Task requirements: In this exercise, write out the data word for word and leave every image out.

Source records:
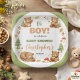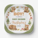 Oh Boy Watercolor Woodland Bear Baby Shower Paper Plate
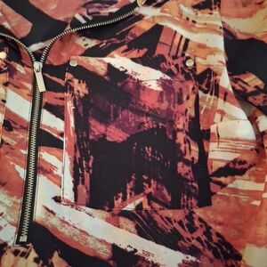 Croft & Barrow women's Vibrant abstract design Blouse. Features a mix of warm tones. Perfect for any occasion. Has roll tab sleeves and front zipper with two breast pockets. Size medium. pit to pit measures 21 inches. Length 26 inches in front and 28 inches in back.
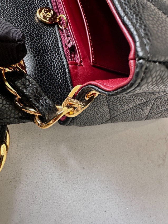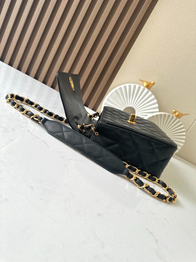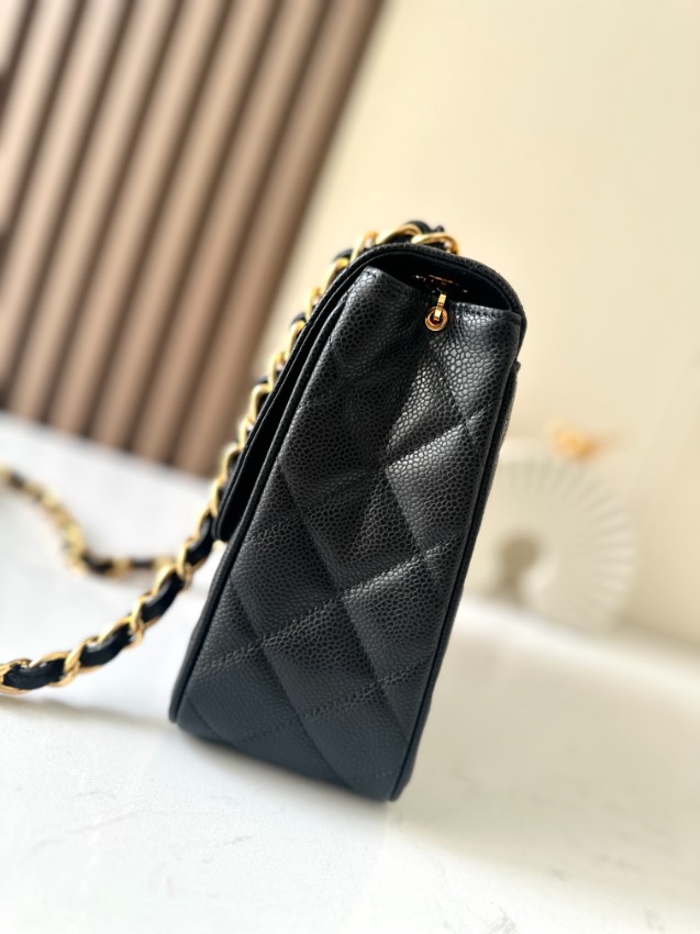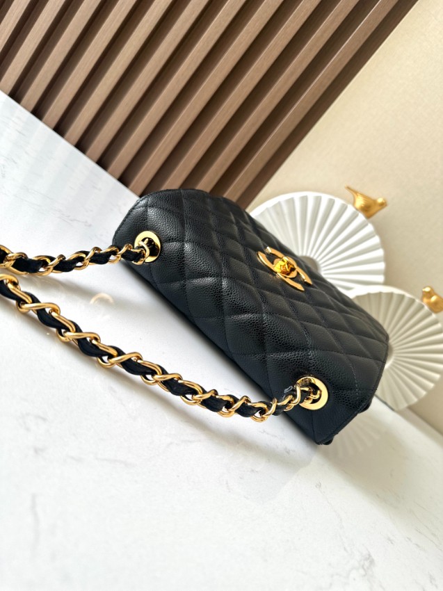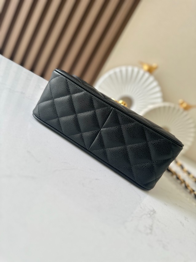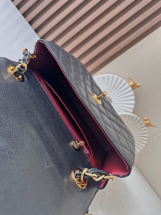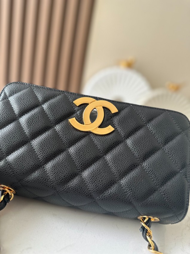 シャネルの象徴ともいえるクラシックフラップをベースにした2WAYミニバッグは、キャビア調の型押しレザーが特徴の洗練されたモデル。細かなシボ感が高級感を演出し、キルティングステッチと相まって立体的で美しいフォルムを実現しています。ブラックカラーにゴールドのココマーク金具が映え、シンプルながら存在感のある仕上がりです。
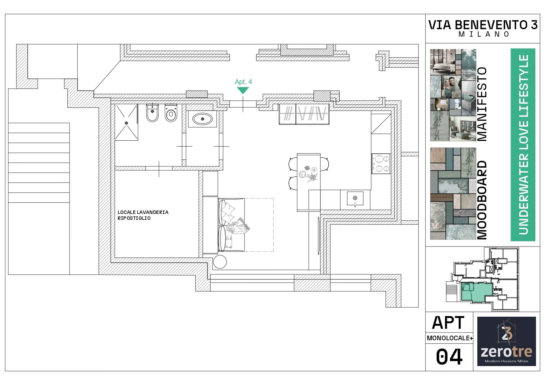 L'appartamento in vendita si compone di: Ingresso, ampia zona soggiorno/notte, bagno con doccia walk in, ripostiglio lavanderia.
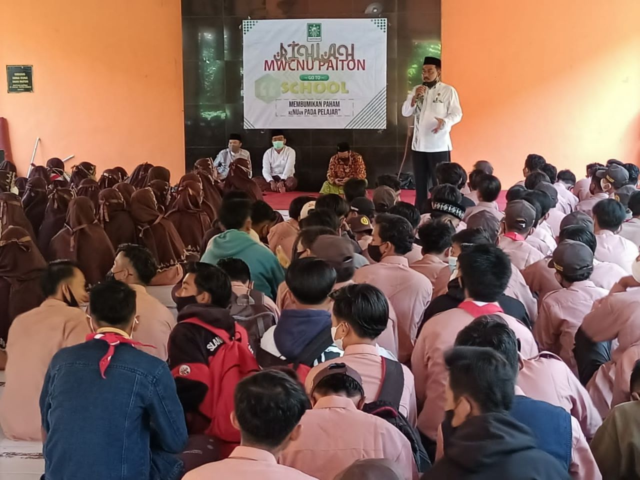 Paiton.HarianJatim.Com- Lembaga Kajian dan Pengembangan Sumber Daya Manusia (Lakpesdam) Majelis Wakil Cabang Nahdlatul Ulama Paiton, Probolinggo, Jatim, kembali melaksanakan kegiatan MWCNU Paiton Go To School, Jum’at pagi (01/10/21) di AULA SMA 1 Paiton Probolinggo.
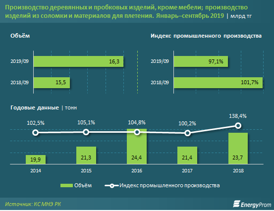 Производство деревянных и пробковых изделий за три квартала текущего года составило 16,3 млрд тг, индекс промышленного производства к соответствующему периоду прошлого года показал сокращение выпуска — всего 97,1%. Годом ранее производство составляло 15,5 млрд тг, при ИПП в 101,7%.
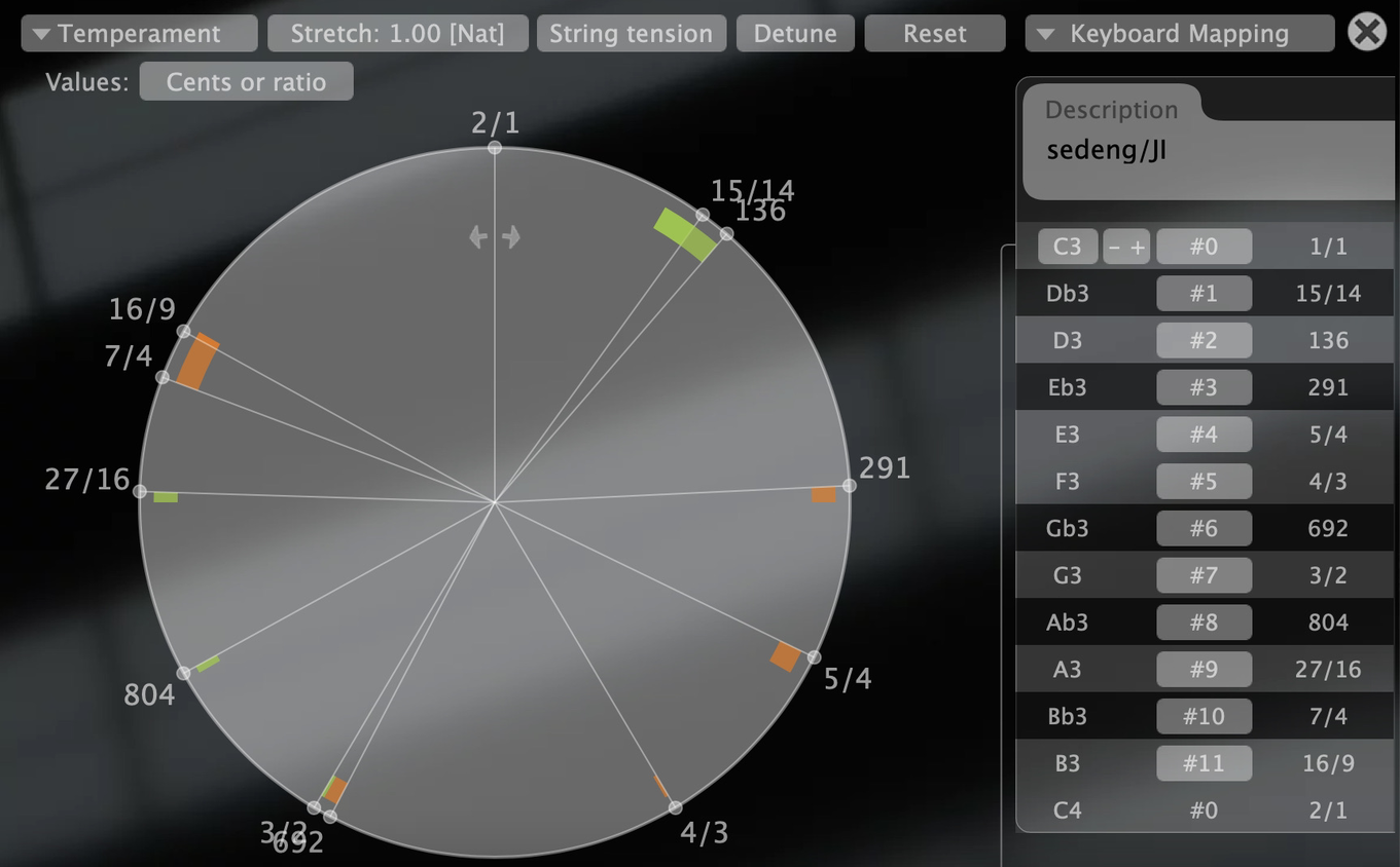 My tuning system confronts friction points between “harmonicity” and “inharmonicity”. In this context, harmonicity relates to Just Intonation and inharmonicity relates to a Balinese Gamelan pentatonic mode, called sedeng-pelog (a five note subset of the seven-note mode pelog composed of medium-sized microtonal intervals). I’m interested in how these seemingly juxtaposed systems of tuning organization can co-exist.

Answer to this problem:
 Oh Boy Watercolor Woodland Bear Baby Shower Paper Plate
 Croft & Barrow women's Vibrant abstract design Blouse. Features a mix of warm tones. Perfect for any occasion. Has roll tab sleeves and front zipper with two breast pockets. Size medium. pit to pit measures 21 inches. Length 26 inches in front and 28 inches in back.
 シャネルの象徴ともいえるクラシックフラップをベースにした2WAYミニバッグは、キャビア調の型押しレザーが特徴の洗練されたモデル。細かなシボ感が高級感を演出し、キルティングステッチと相まって立体的で美しいフォルムを実現しています。ブラックカラーにゴールドのココマーク金具が映え、シンプルながら存在感のある仕上がりです。
 L'appartamento in vendita si compone di: Ingresso, ampia zona soggiorno/notte, bagno con doccia walk in, ripostiglio lavanderia.
 Paiton.HarianJatim.Com- Lembaga Kajian dan Pengembangan Sumber Daya Manusia (Lakpesdam) Majelis Wakil Cabang Nahdlatul Ulama Paiton, Probolinggo, Jatim, kembali melaksanakan kegiatan MWCNU Paiton Go To School, Jum’at pagi (01/10/21) di AULA SMA 1 Paiton Probolinggo.
 Производство деревянных и пробковых изделий за три квартала текущего года составило 16,3 млрд тг, индекс промышленного производства к соответствующему периоду прошлого года показал сокращение выпуска — всего 97,1%. Годом ранее производство составляло 15,5 млрд тг, при ИПП в 101,7%.
 My tuning system confronts friction points between “harmonicity” and “inharmonicity”. In this context, harmonicity relates to Just Intonation and inharmonicity relates to a Balinese Gamelan pentatonic mode, called sedeng-pelog (a five note subset of the seven-note mode pelog composed of medium-sized microtonal intervals). I’m interested in how these seemingly juxtaposed systems of tuning organization can co-exist.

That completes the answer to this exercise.